* **DESCRIPTION OF THE TASK**
Restate every line of the material below word for word, skipping the images.

* **DATA SECTION**
====
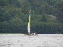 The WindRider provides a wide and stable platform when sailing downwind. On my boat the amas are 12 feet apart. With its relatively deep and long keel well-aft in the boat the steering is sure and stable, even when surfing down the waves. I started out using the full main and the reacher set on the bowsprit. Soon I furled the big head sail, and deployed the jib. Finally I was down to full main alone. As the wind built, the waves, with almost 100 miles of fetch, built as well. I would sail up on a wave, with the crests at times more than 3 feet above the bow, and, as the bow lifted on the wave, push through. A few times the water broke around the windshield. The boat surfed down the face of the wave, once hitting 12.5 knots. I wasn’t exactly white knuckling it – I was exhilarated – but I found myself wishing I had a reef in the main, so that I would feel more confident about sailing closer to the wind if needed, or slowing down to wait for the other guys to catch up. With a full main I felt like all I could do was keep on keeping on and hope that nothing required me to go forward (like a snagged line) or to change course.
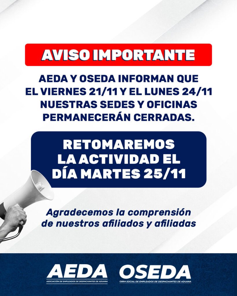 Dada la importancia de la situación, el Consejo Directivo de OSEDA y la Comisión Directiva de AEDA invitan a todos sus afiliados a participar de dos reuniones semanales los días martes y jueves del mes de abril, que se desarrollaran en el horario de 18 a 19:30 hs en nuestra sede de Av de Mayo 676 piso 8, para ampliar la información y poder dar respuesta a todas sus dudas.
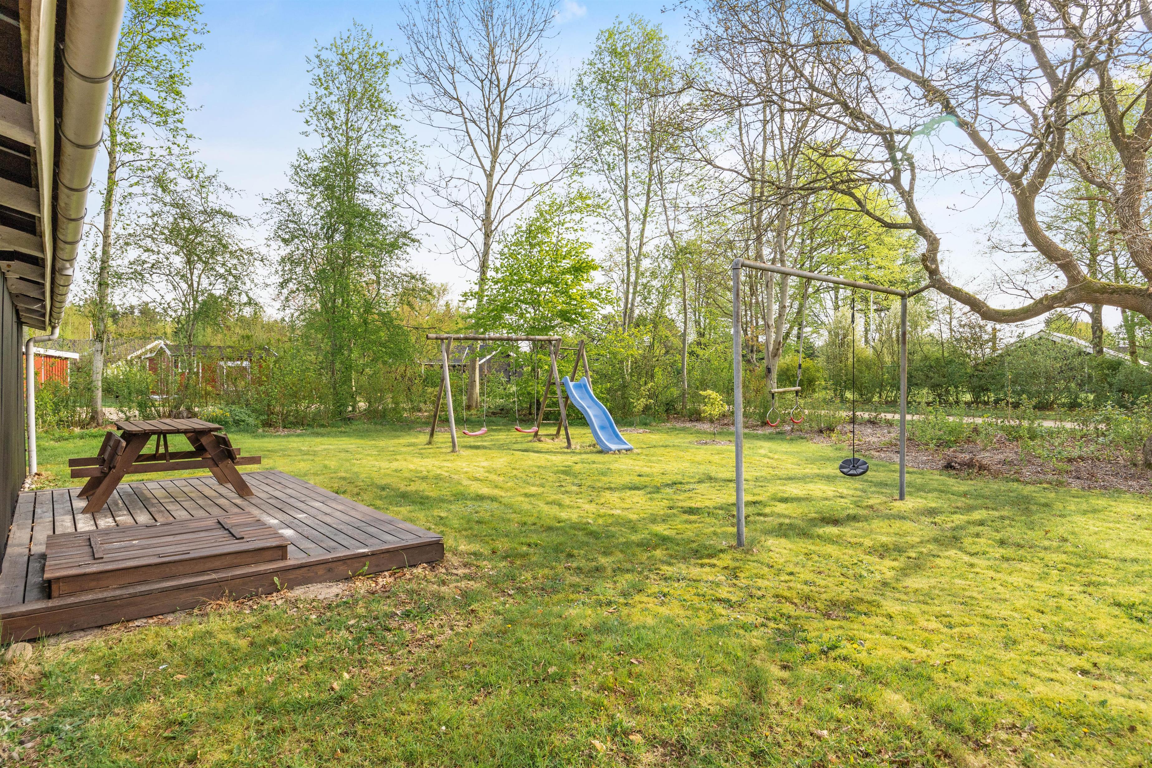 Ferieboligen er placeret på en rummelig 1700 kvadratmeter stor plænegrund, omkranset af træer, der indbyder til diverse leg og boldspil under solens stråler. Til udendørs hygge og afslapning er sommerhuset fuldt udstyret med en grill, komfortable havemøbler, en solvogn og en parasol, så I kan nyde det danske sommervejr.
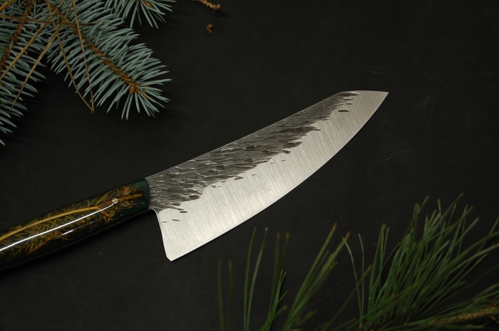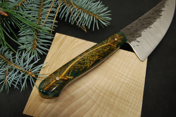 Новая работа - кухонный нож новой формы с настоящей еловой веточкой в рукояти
====
* **FINISHED TASK**
 The WindRider provides a wide and stable platform when sailing downwind. On my boat the amas are 12 feet apart. With its relatively deep and long keel well-aft in the boat the steering is sure and stable, even when surfing down the waves. I started out using the full main and the reacher set on the bowsprit. Soon I furled the big head sail, and deployed the jib. Finally I was down to full main alone. As the wind built, the waves, with almost 100 miles of fetch, built as well. I would sail up on a wave, with the crests at times more than 3 feet above the bow, and, as the bow lifted on the wave, push through. A few times the water broke around the windshield. The boat surfed down the face of the wave, once hitting 12.5 knots. I wasn’t exactly white knuckling it – I was exhilarated – but I found myself wishing I had a reef in the main, so that I would feel more confident about sailing closer to the wind if needed, or slowing down to wait for the other guys to catch up. With a full main I felt like all I could do was keep on keeping on and hope that nothing required me to go forward (like a snagged line) or to change course.
 Dada la importancia de la situación, el Consejo Directivo de OSEDA y la Comisión Directiva de AEDA invitan a todos sus afiliados a participar de dos reuniones semanales los días martes y jueves del mes de abril, que se desarrollaran en el horario de 18 a 19:30 hs en nuestra sede de Av de Mayo 676 piso 8, para ampliar la información y poder dar respuesta a todas sus dudas.
 Ferieboligen er placeret på en rummelig 1700 kvadratmeter stor plænegrund, omkranset af træer, der indbyder til diverse leg og boldspil under solens stråler. Til udendørs hygge og afslapning er sommerhuset fuldt udstyret med en grill, komfortable havemøbler, en solvogn og en parasol, så I kan nyde det danske sommervejr.
 Новая работа - кухонный нож новой формы с настоящей еловой веточкой в рукояти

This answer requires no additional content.